Mine came with black tape. I destroyed the stock Fuji tape when I put my old bars on the bike. I do like the white tape on the performance website, but my experience with white tape is that it always gets too dirty for my taste. 

It took two months for my SL-1 to arrive. There was a Fuji Team Pro on the floor and I asked the sales guy about getting that one instead of waiting. He told me to just wait and that I wouldn't regret the decision. 

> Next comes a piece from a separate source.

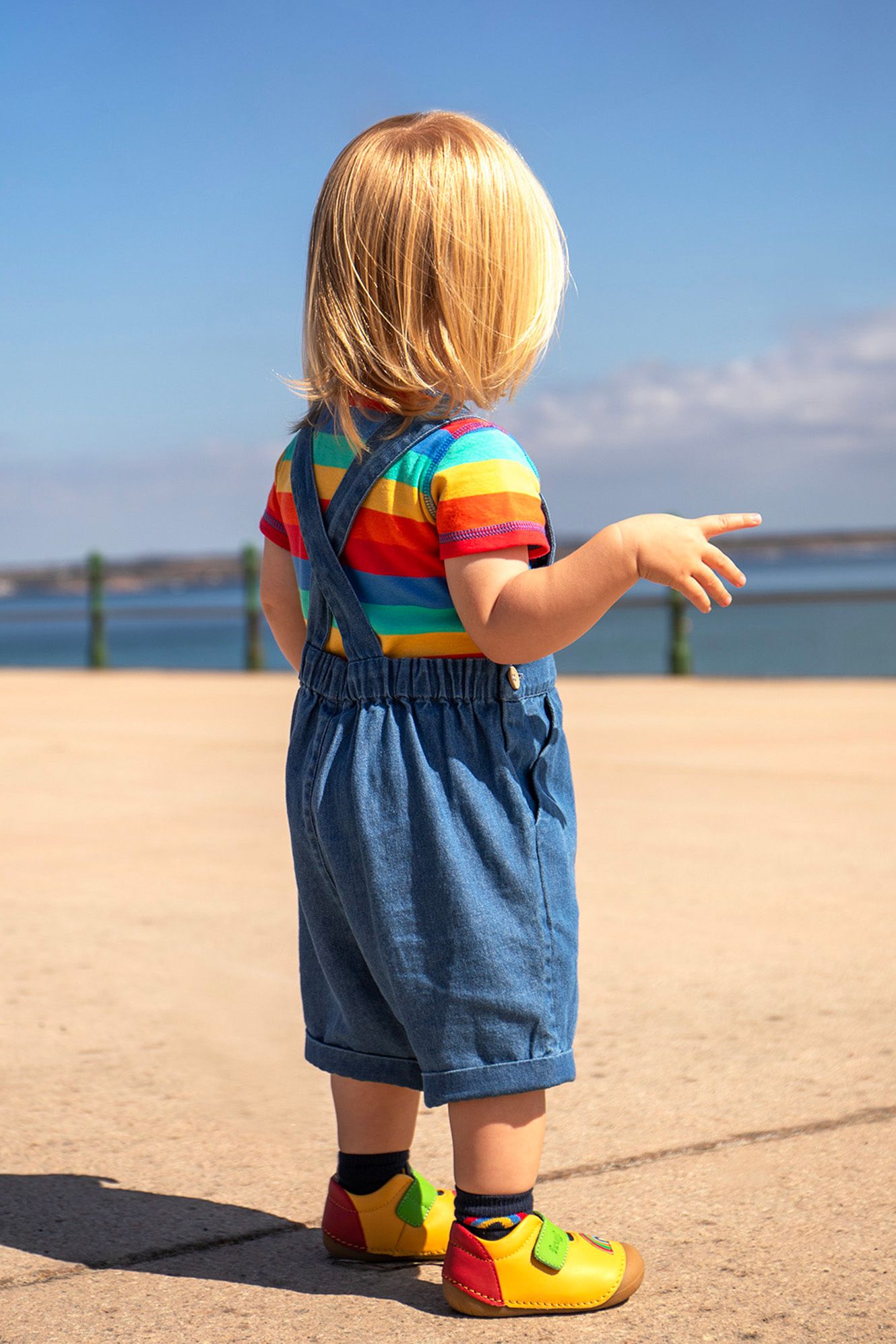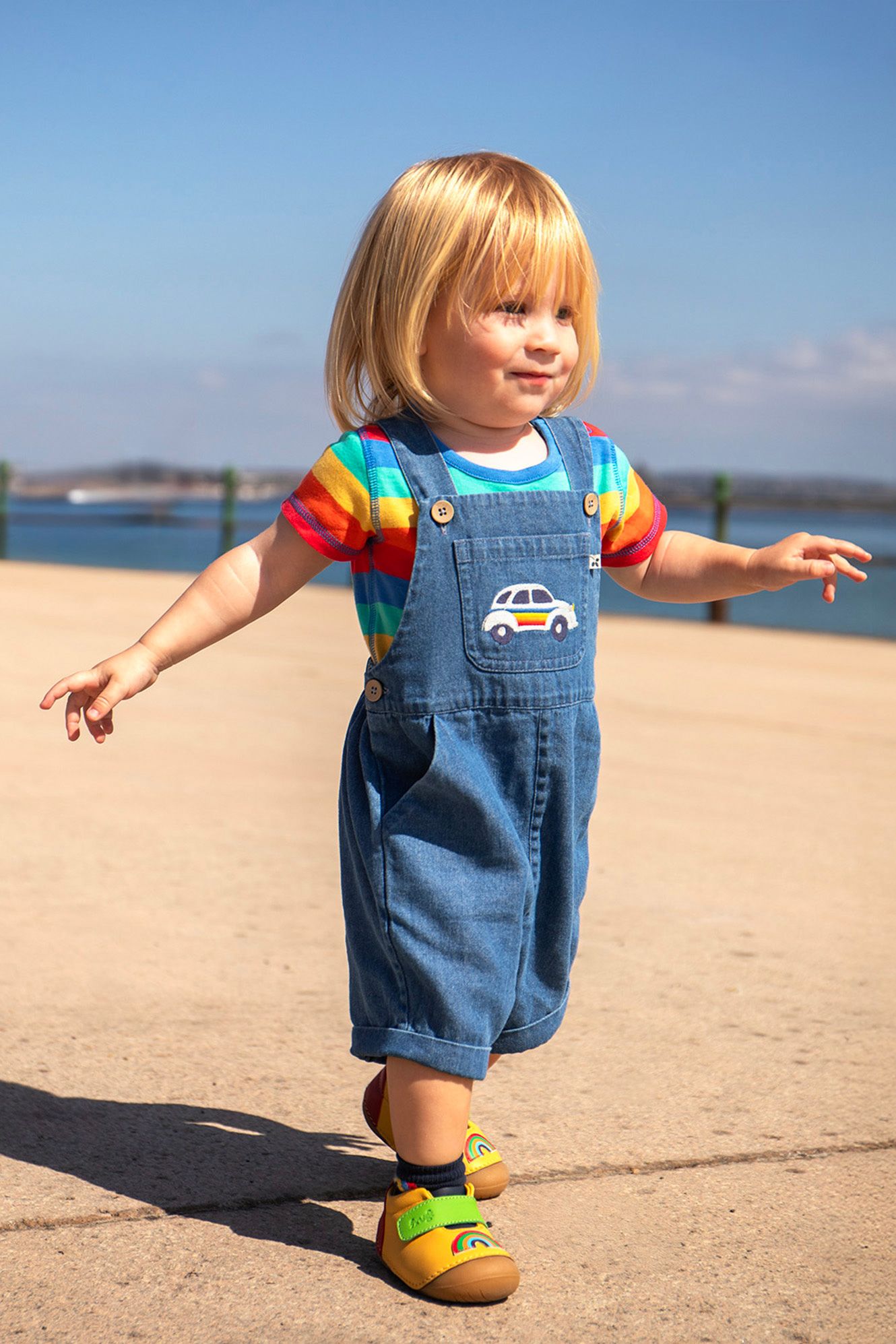 Meet the Carnkie Denim Dungarees – crafted from soft and lightweight organic cotton denim, these dungarees are designed for comfort and practicality. Featuring adjustable shoulder straps, easy side button fastenings, front and side pockets, and short non-fixed cuffs, they are perfect for little ones on the move!

I love the bike. I don't think it makes me significantly faster, but I feel cool while riding.

Ray


----------



## raymond7204

*My new SL-1*

Here is a pic. It's a great ride at a price that I couldn't pass up. In May, Performance offered the bike for $2299, plus I got 20% off.

Ray
View attachment 175001



47cm with Speedplay Zero


----------



## raybum

Nice...you got a better deal than me...mine was just a smidge over $2k... Here's a pic of mine. Just put on a carbon, zero setback seatpost that finished off my "fitting". The white bar tape just went on this weekend so we'll see how long before it's too dirty. I wish the bike came with black wheels, but for now, the silver will have to do !


----------



## raymond7204

I need a sero setback seatpost as well. I'm not happy about how far forward my seat sits on the stock post. 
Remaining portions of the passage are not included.